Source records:
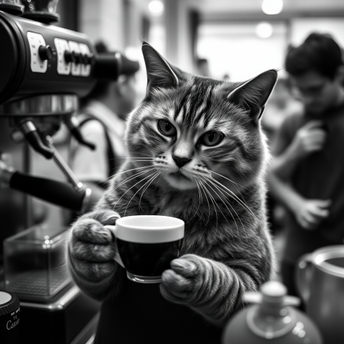 masterpiece cup of coffee; contemporary style; sugar bowl and creamer on counter; rim lighting; iridescent gold; minimalistic
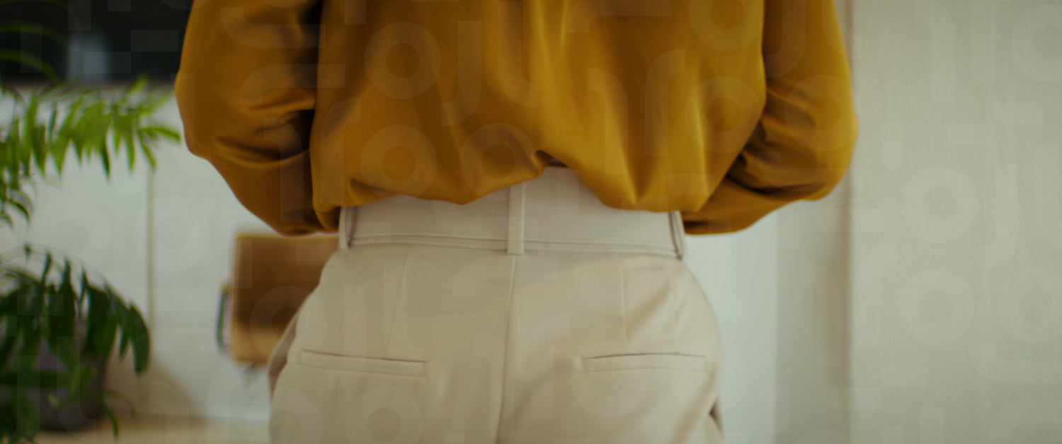 A woman walks into her office, sits down at her desk, and begins working on her laptop. Medium shot. Shot with anamorphic lens in cinemascope format.
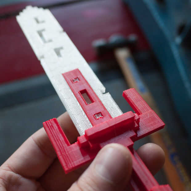 Una vez que las piezas están impresas, usted está listo para ponerlos juntos. Puede que necesite un martillo ligero para esto (plástico o goma son los mejores) ya que el ajuste puede ser un poco apretado.
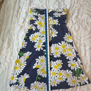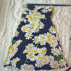 Chic strapless dress with bold floral design. Features navy and yellow flowers. Waist layered design. Shows some wear but still has life! A9
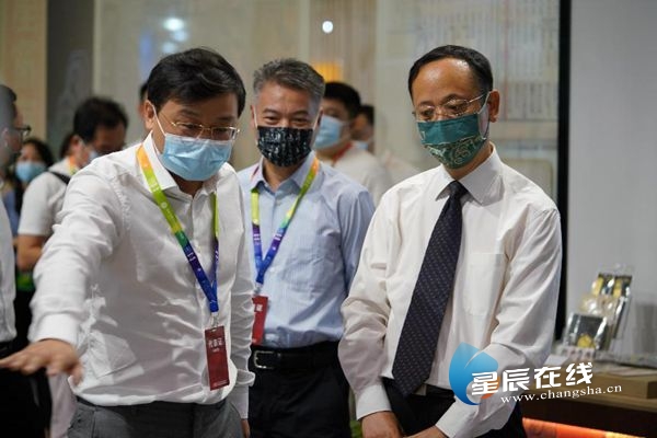 (国家文物局党组副书记、副局长顾玉才<右>参观第九届中国博博会湖南博物院展区。)
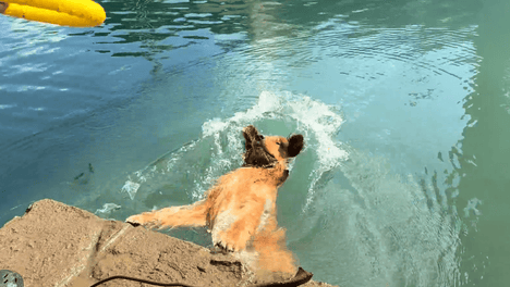 金毛鱼跃水面,男子笑得合不拢嘴,金毛模仿游泳动作,逗乐众人。😆
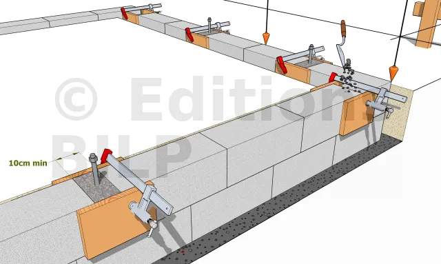 Il faut prévoir l’emplacement des fixations (équerres pour une plateforme, tiges filetées pour une lisse basse). Car il est impossible de fixer efficacement par le dessus d’un parpaing creux. Il faut du plein. Dans le cas d’une tige filetée, vous remplissez avec un mortier relativement "sec" qui autorise un scellage immédiat de la tige. Un plan de disposition des fixations est nécessaire pour ne rien oublier et pour ne pas tomber sur un montant vertical (mur sans plateforme).
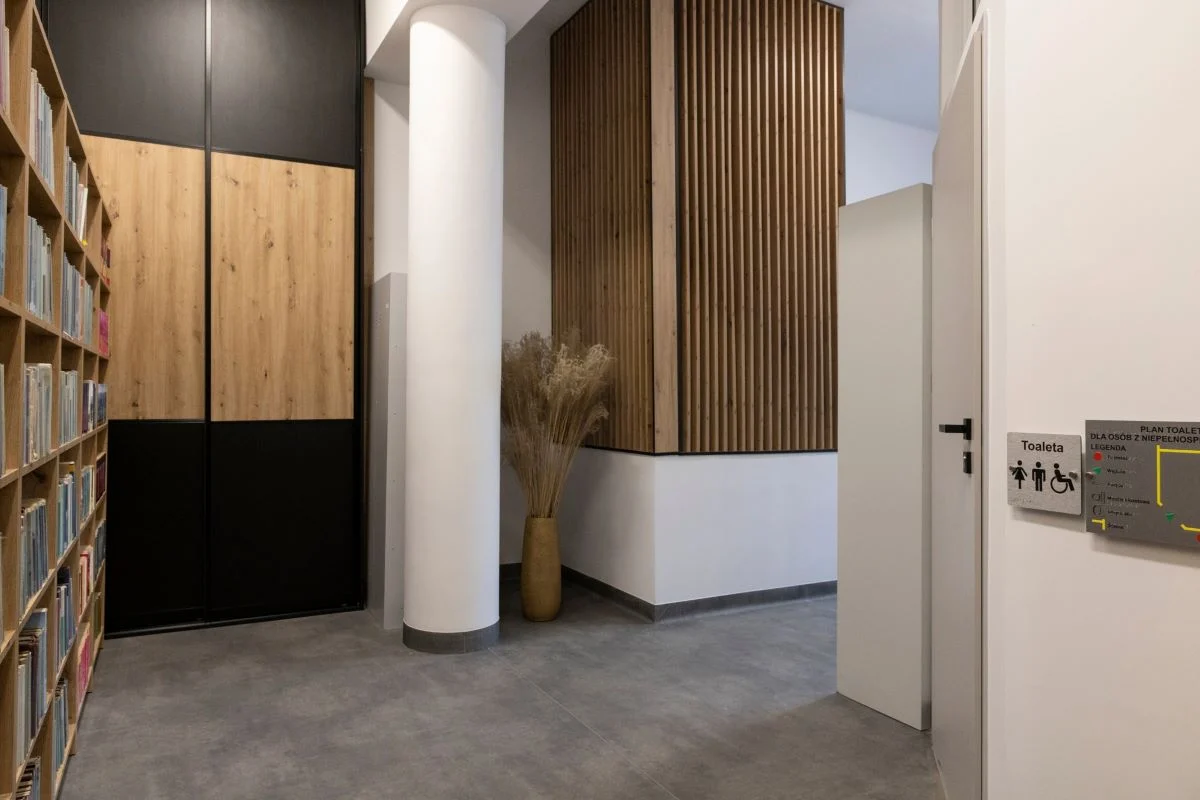 Modernizacja objęła wypożyczalnię, czytelnię dla dorosłych, biura, toalety, archiwum i pomieszczenie socjalne. Przebudowane zostały instalacje sanitarne, elektryczne i wentylacyjne. Pomieszczenia zostały ponadto przystosowane do potrzeb osób z niepełnosprawnościami. Wymienione zostały również meble, które teraz prezentują się nowocześnie i stylowo.
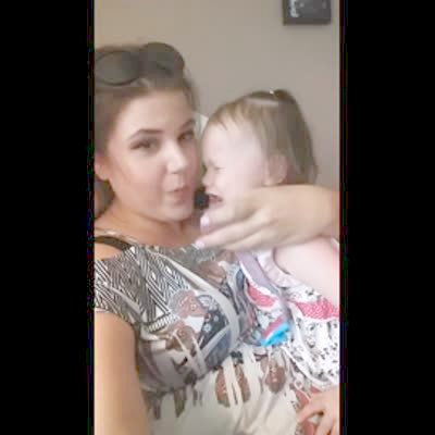 A tot girl cries after she puts her pacifier in her mother's mouth when she pretends to cry on the couch.
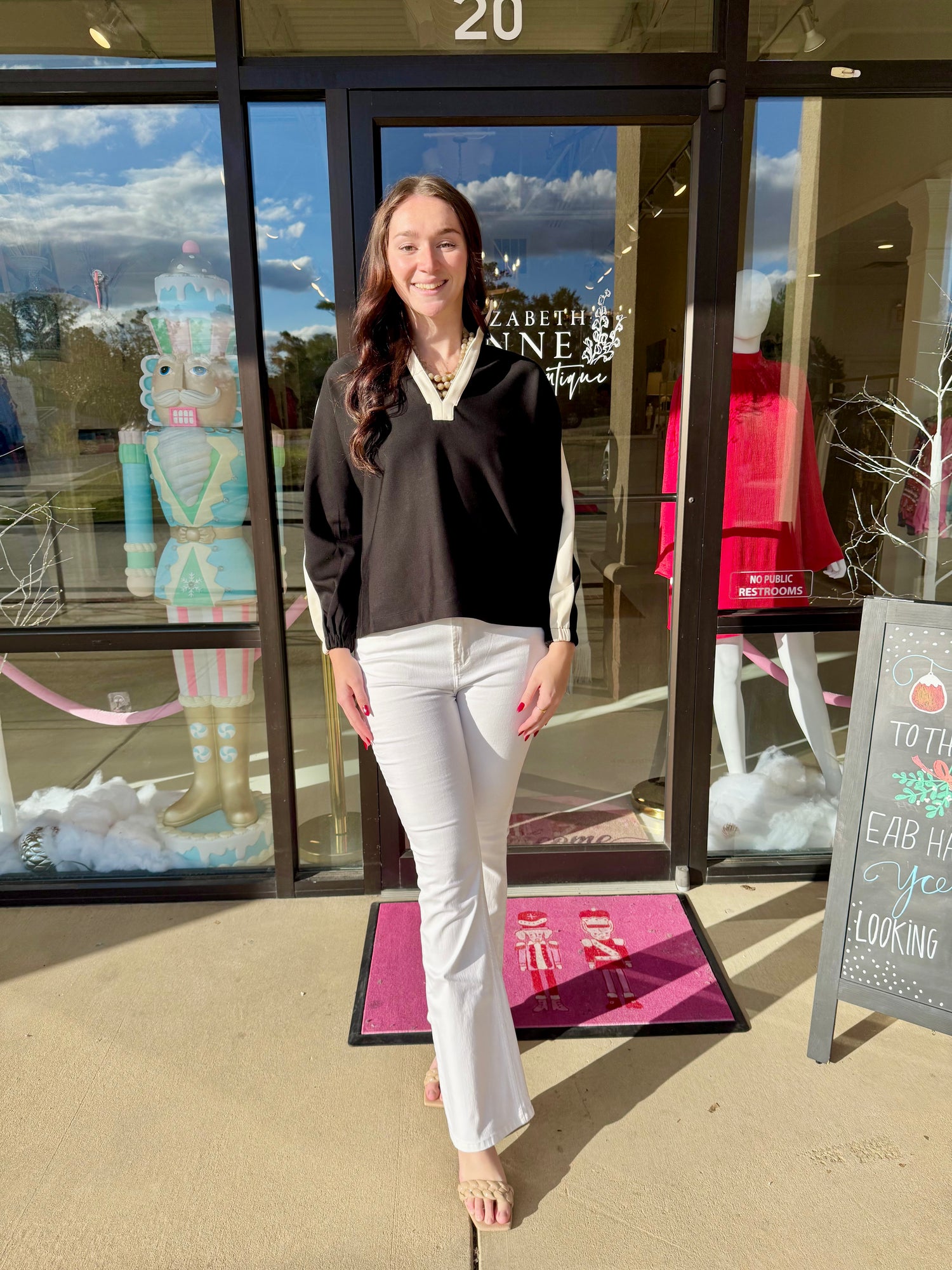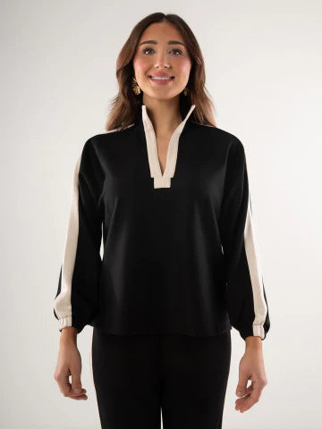 Emily McCarthy Signature Poppy Top in ponte. A classic statement piece for any occasion featuring a loose fitting body, optional stand up collar, and loose elastic dolman sleeves. Crafted in our best selling ponte fabric that provides comfortable softness and supportive stretch.
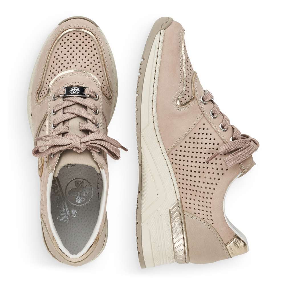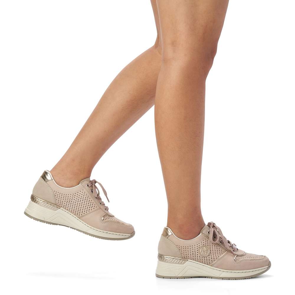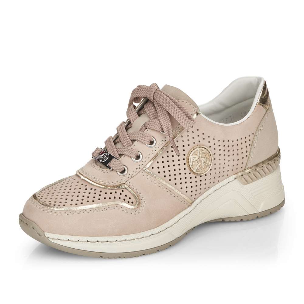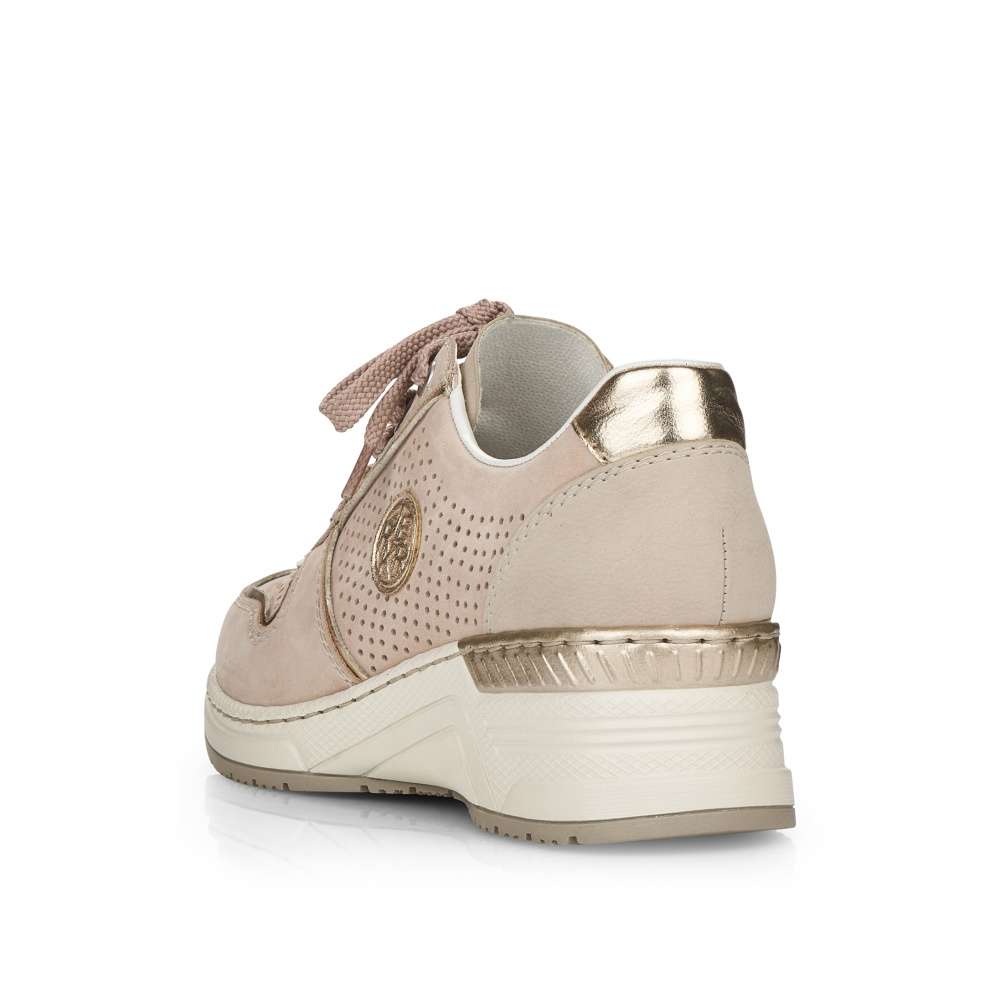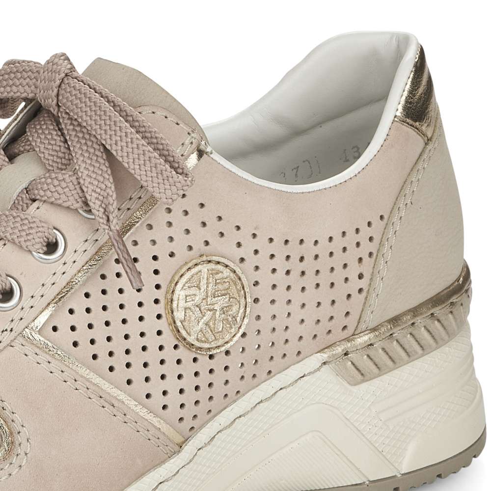Krásná stylová šněrovací teniska značky RIEKER, ve které se budete cítit vyjímečná. Svrchní materiál se vyznačuje perforací, zajímavým logem a decentní barvičkou. Pro snadné obutí Vám poslouží šněrování, které je dozdobeno lesklými kroužky a krásně doplňuje tenisku. Jistě oceníte pohodlnou stélku, která lze vyměnit nebo vyvětrat podle potřeby. Tento model na vyšší podešvi krásně prodlouží Vaše nohy a docílíte s ním dokonalého outfitu pro každý váš den a ještě se budete cítit pohodlně na každém kroku.
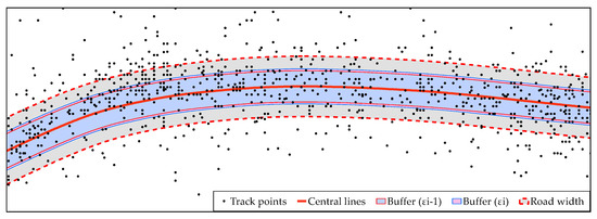 Road Width Computation: For each road segment, we started to build its buffer region with a radius of ε0 and compute the ratio r0 of the trajectory points that fall in the buffer region buffer (ε0); then, we rebuild the buffer region with an increasing radius of εi = ε0 + i*s (where i is the iterative number and s = 0.1 m is the iterative step) to compute a new ratio ri of trajectory points falling in the buffer (εi); the above buffer analysis continues until the trajectory point ratio ri reaches 96%, and the buffer radius after iteratively buffering is inferred as the road width W (shown in Figure 6).
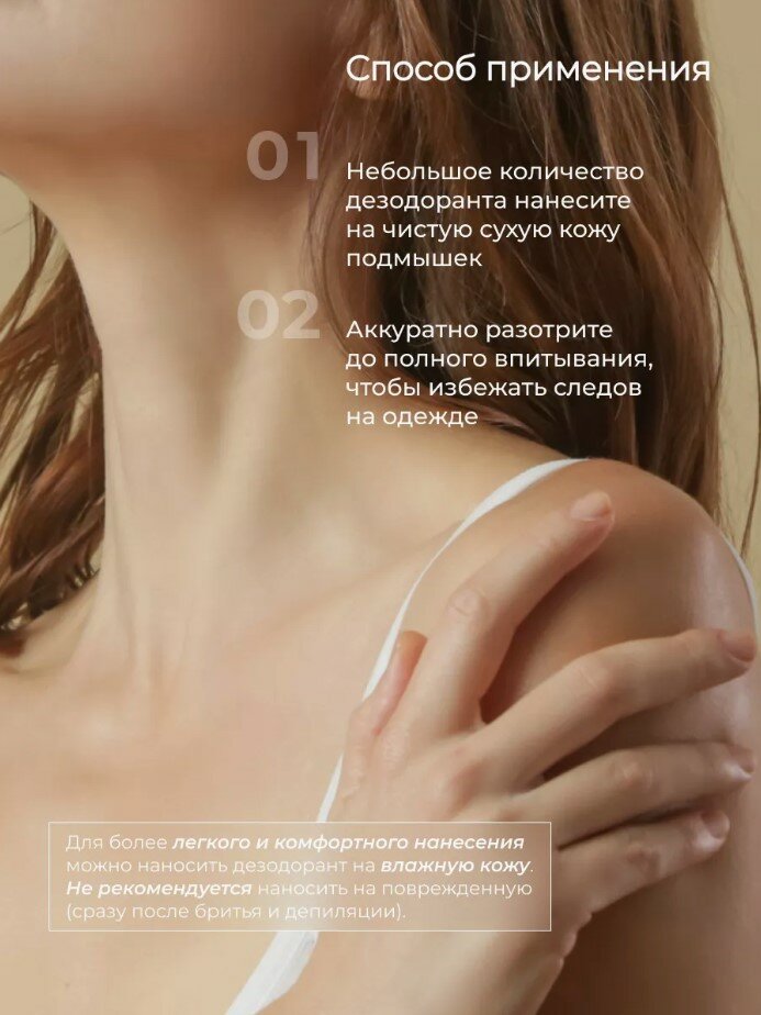 | Дополнительная информация | Натуральные ингредиенты, безопасный состав, не блокирует работу потовых желез, ухаживает за кожей |
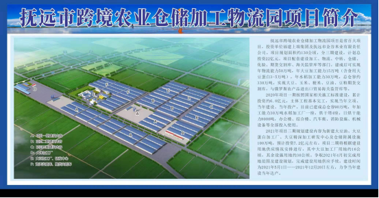 通过招商引资成功引进福建上瑞集团,该集团继续投资抚远市跨境农业仓储加工物流项目二期建设,规划建设内容为新建大豆油、大豆蛋白加工厂及仓储附属设施100万吨,预计投资4.6亿元左右。项目二期分三年建设,将根据建设用地供应情况安排进行。其中2021年预计投资1.42亿元,建设大豆初加工生产线、仓储设施30万吨;2022年预计投资1.41亿元,建设大豆浓缩蛋白生产线、仓储设施30万吨;2023年预计投资1.77亿元,建设大豆分离蛋白生产线、建设仓储设施40万吨。现已完成可研,规划选址等前期工作,
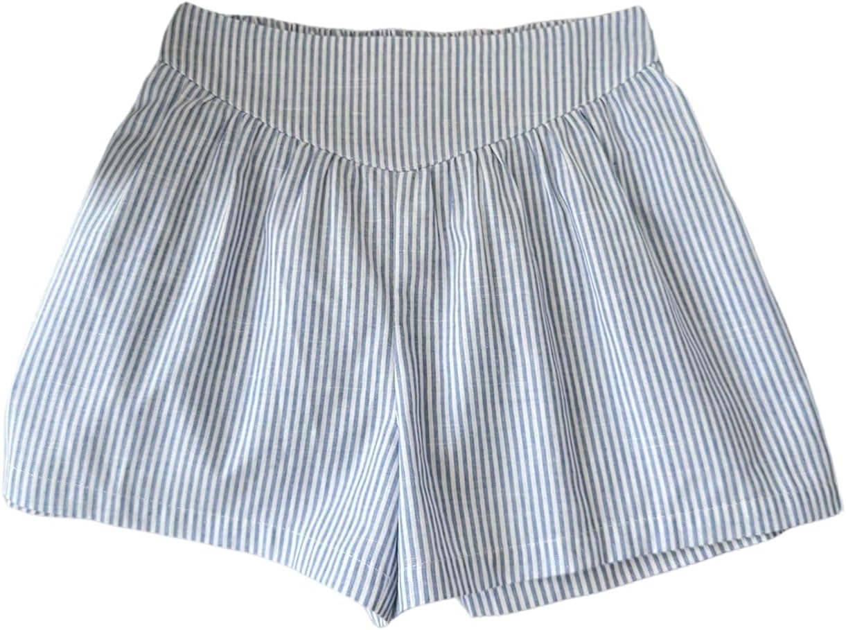 Women's Summer Casual Cotton Striped Shorts V-Shape Elastic Waist Wide Leg High Waisted Shorts Blue and White
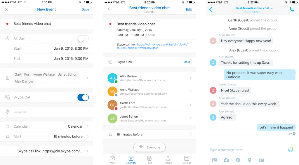 Skype’s integration with Outlook will be available on both iOS and Android. A future update will deliver the feature to Outlook Mail on Windows 10 Mobile, says Microsoft.
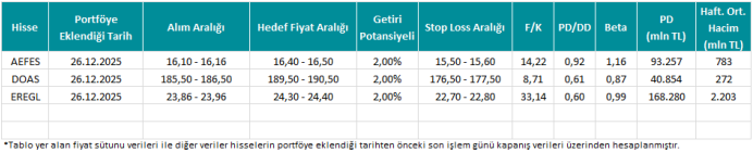*Tablo yer alan fiyat sütunu verileri ile diğer veriler hisselerin portföye eklendiği tarihten önceki son işlem günü kapanış verileri üzerinden hesaplanmıştır.

→ **WHAT IS BEING ASKED**
The line holding "Chic strapless dress" starts the copy and the line holding "金毛鱼跃水面,男子笑得合不拢嘴,金毛模仿游泳动作,逗乐众人。😆" ends it. Repeat those two lines above and all between them exactly, leaving out pictures.

→ **REPLY**
 Chic strapless dress with bold floral design. Features navy and yellow flowers. Waist layered design. Shows some wear but still has life! A9
 (国家文物局党组副书记、副局长顾玉才<右>参观第九届中国博博会湖南博物院展区。)
 金毛鱼跃水面,男子笑得合不拢嘴,金毛模仿游泳动作,逗乐众人。😆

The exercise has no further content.